FALL RIVER: A support group aimed at helping those find solutions and resource for their loved ones dealing with dementia and Alzheimer’s wants to provide those with a clearer sense of understanding.
Three years ago, Sharron Paattinen and Barb MacLellan founded the Fall River Alzheimer’s & Dementia Family Caregivers Support Group. They meet monthly at the last Wednesday of each month at the Old Schoolhouse at 1018 Fall River Road (the Senior’s Friendly Centre). The meetings run from 7-9 p.m.
While they usually have more than a dozen people from the area turn out for their meetings, Paattinen believes there are more out there, but they are unaware that the support group exists.
“We get a lot of people coming to us from the doctors office as they saw our poster and pamphlet they have there,” she said. “When we hold our meetings its done with total confidentiality.”
Paattinen said the group offers a place to exchange ideas and information; talk through challenges and learn what resources are available for those challenges in the community.
“We focus on education by inviting guest speakers in to the group,” said Paattinen.
Some of the past topics include: expanded role of paramedics in the community; the value of music therapy in Dementia; polyparmacology in the elderly; P.I.E.C.E.S, fraud awareness and safety measures in the home for the elderly.
“The group decides on what information they need and then the facilitator finds the appropriate speaker,” said Paattinen.
Part of the adjunct therapy for those with Dementia can include the weekly jam sessions held Saturday nights at the Old Schoolhouse.
“Many members of the jam sessions have had family members or friends who have suffered from the disease,” said Paattinen. “Members of the Fall River Alzheimer’s & Dementia Family Caregivers Support Group are encouraged to come and bring their family members ti the jam sessions.”
She said belonging to a Caregiver’s Support Group offers many rewards.

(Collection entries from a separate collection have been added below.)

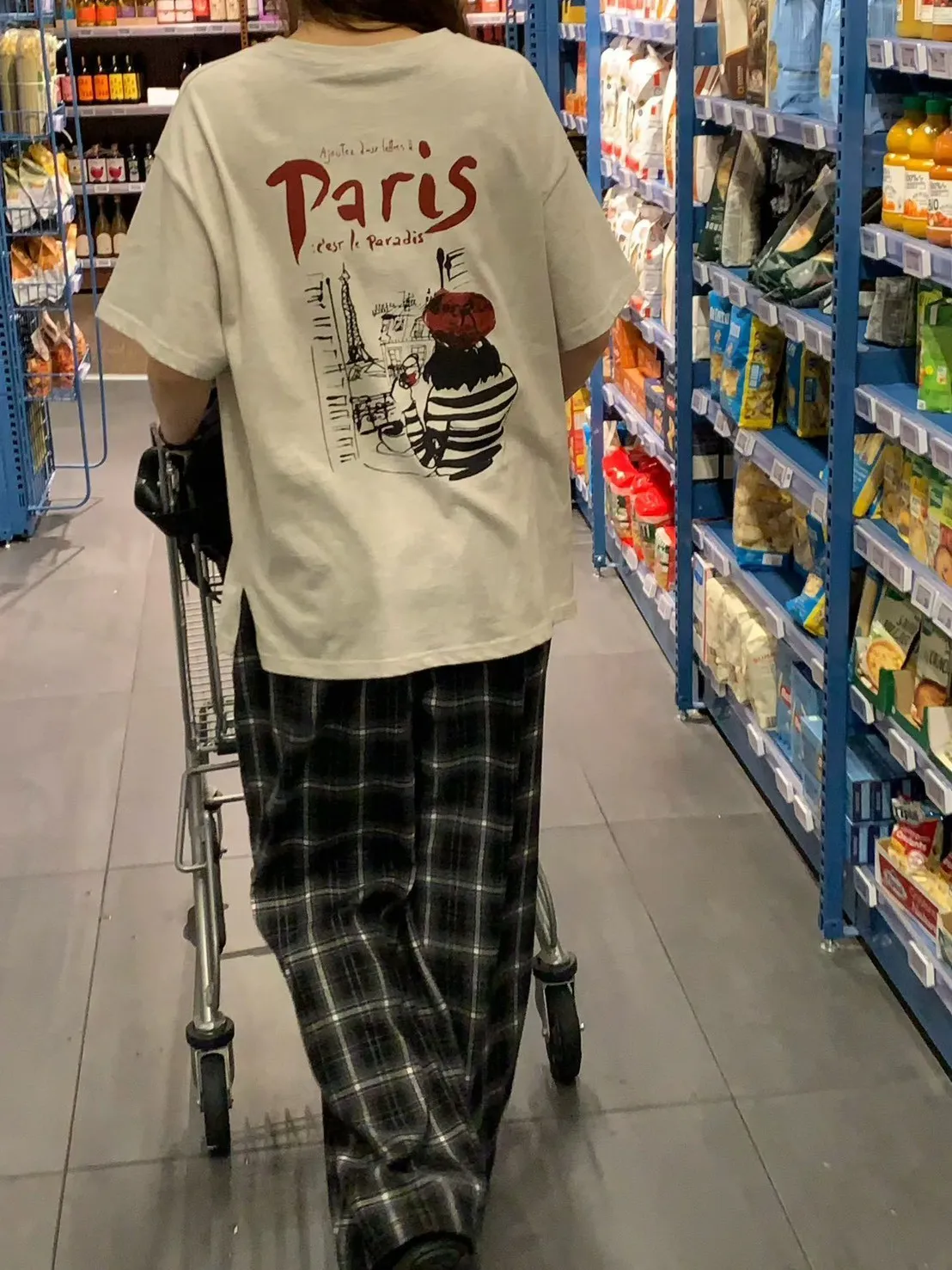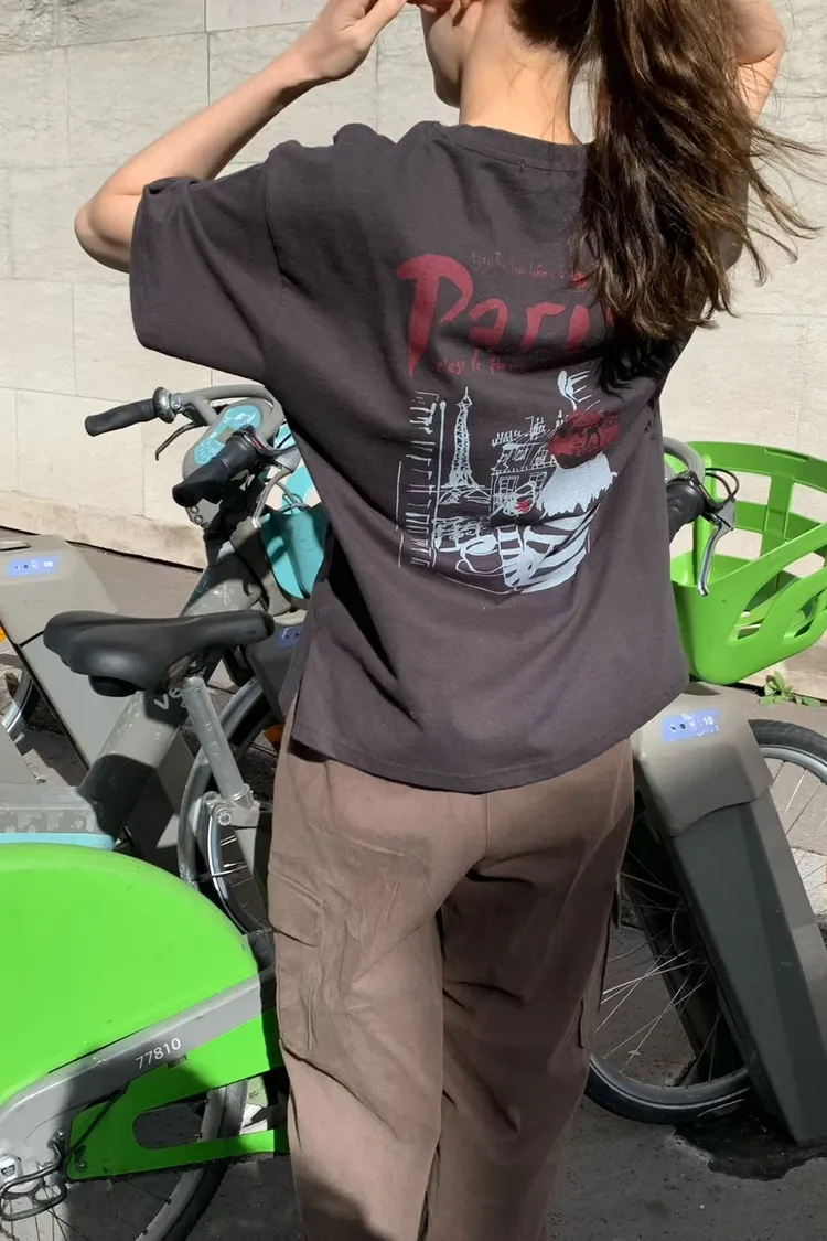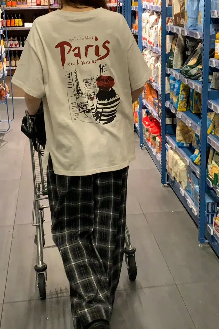 棉 前胸paris英文 後面插畫家紅酒圖案 秋季厚度 微毛感面料 L號友善
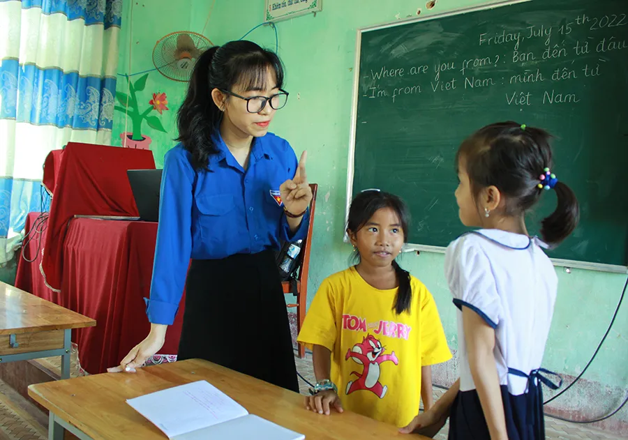 Cô giáo Trần Thị Hoàng Trâm, dạy lớp tiếng Anh chia sẻ: “Lúc đầu khi đoàn xã thực hiện cho học sinh đăng ký, tôi rất lo lắng liệu các em ở xóm Đèo có thể đi học, tuy nhiên cô giáo ở điểm trường lẻ là Đinh Thị Kem đã vận động được tất cả 14 em đến lớp tiếng Anh dù cho rất xa xôi. Các em học sinh xóm Đèo thuộc vùng dân tộc thiểu số nên tôi muốn góp phần công sức dạy tiếng Anh cho các em. Tiếng Anh có vai trò quan trọng, bước đầu tiên tạo cho các em niềm đam mê và sau khi lớn lên các em có thể tự học tiếng Anh, tôi mong các em có tương lai tốt hơn”.
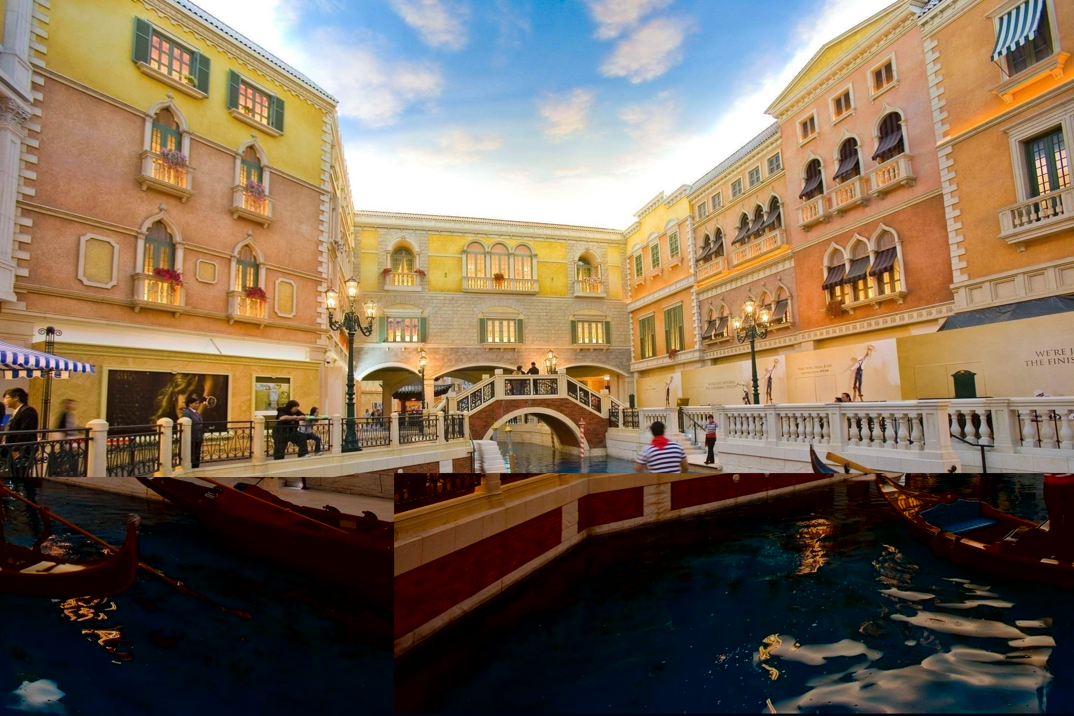 来澳门购物不去威尼斯人,几乎等于去北京不去故宫,作为独具威尼斯风格的大运河购物中心,里面云集超过350家购物商户和食肆。商场内蓝色天顶上流动着白云,行驶着贡多拉的运河,欧式风格的建筑拱桥,让人仿佛穿越到了威尼斯。
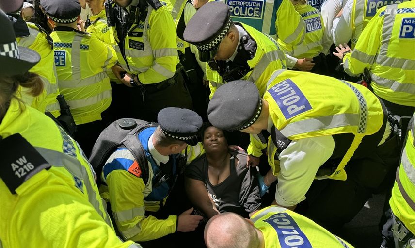 Londra Metropolitan Polisi, eylem sırasında sıkı önlemler aldı. Polis, bazı protestocuları gözaltına almak istemesinin ardından güvenlik güçleri ile eylemciler arasında arbede yaşandı. Arbede sırasında eylemciler, gözaltına alınmak istenen iki kişiyi polisin elinden kurtarıldı. Londra polisi, toplamda 3 kişinin gözaltına alındığını açıkladı.
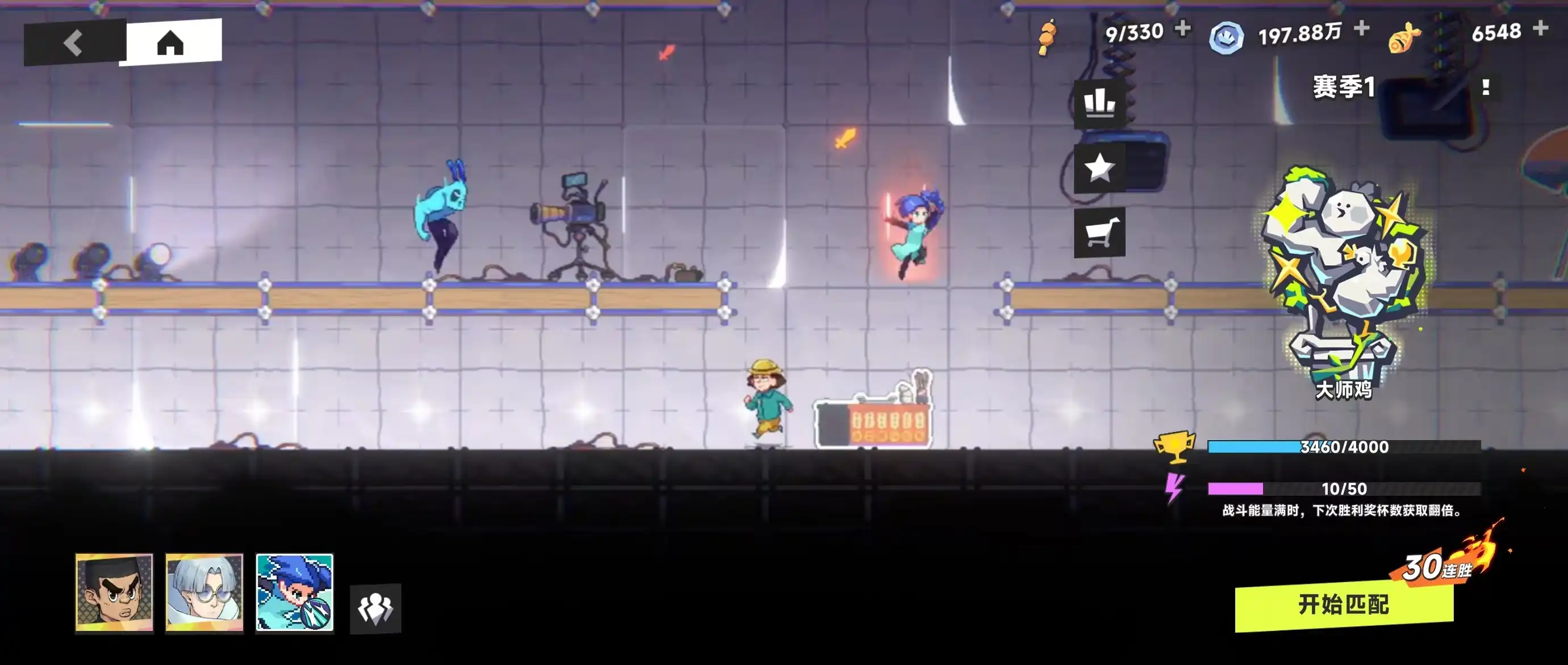 首先是在角色选择方面,小编非常推荐大家使用何大春和斯特国王子,因为这两个角色的强势是毋庸置疑的。何大春的特点在于自身的大招伤害高,而且很难被对方躲掉,这样就给最后的单挑环节赢得了优势。斯特国王子能跳得很高,但下落比较慢,在空中进行普攻的时候容易挨打,一技能可以间断式打出远程伤害,二技能造成远程爆炸伤害,都是非常适合单体攻击的技能,所以单挑也很强。
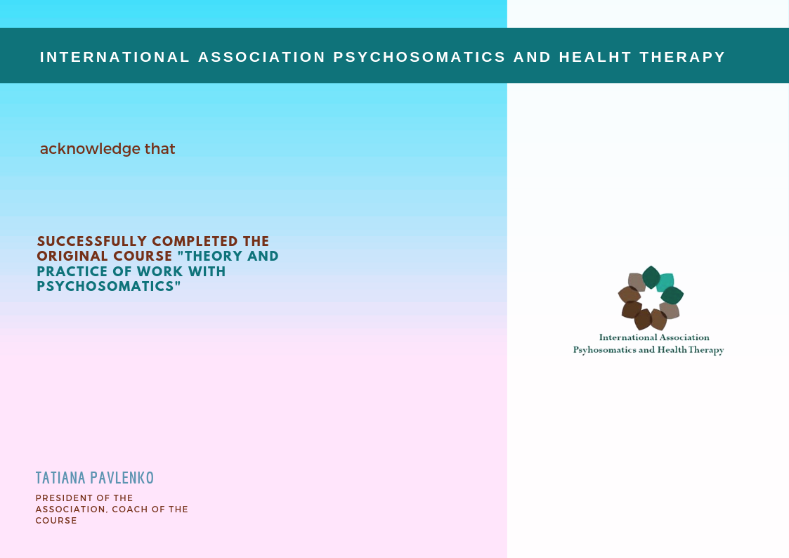 По окончанию семинара вы получаете 2 документа, среди которых, сертификат повышении квалификации от «МЕЖДУНАРОДНАЯ АССОЦИАЦИЯ ПСИХОСОМАТИКИ И ТЕЛЕСНОЙ ТЕРАПИИ» и автоматически СТАНОВИТЕСЬ ЧЛЕНАМИ АССОЦИАЦИИ.

“The caregiver doesn’t feel so lonely, isolated, or socially judged any further,” said Paattinen. “They gain a sense of empowerment over their situation through the education and emotional support that is being provided.
“Throughout the Alzheimer’s journey group members start ti develop a clearer sense of understanding of what is expected of them in their care-giving role, they start to develop better coping skills that in fact lessen the stress and anxiety that is often associated with the care-giving process.”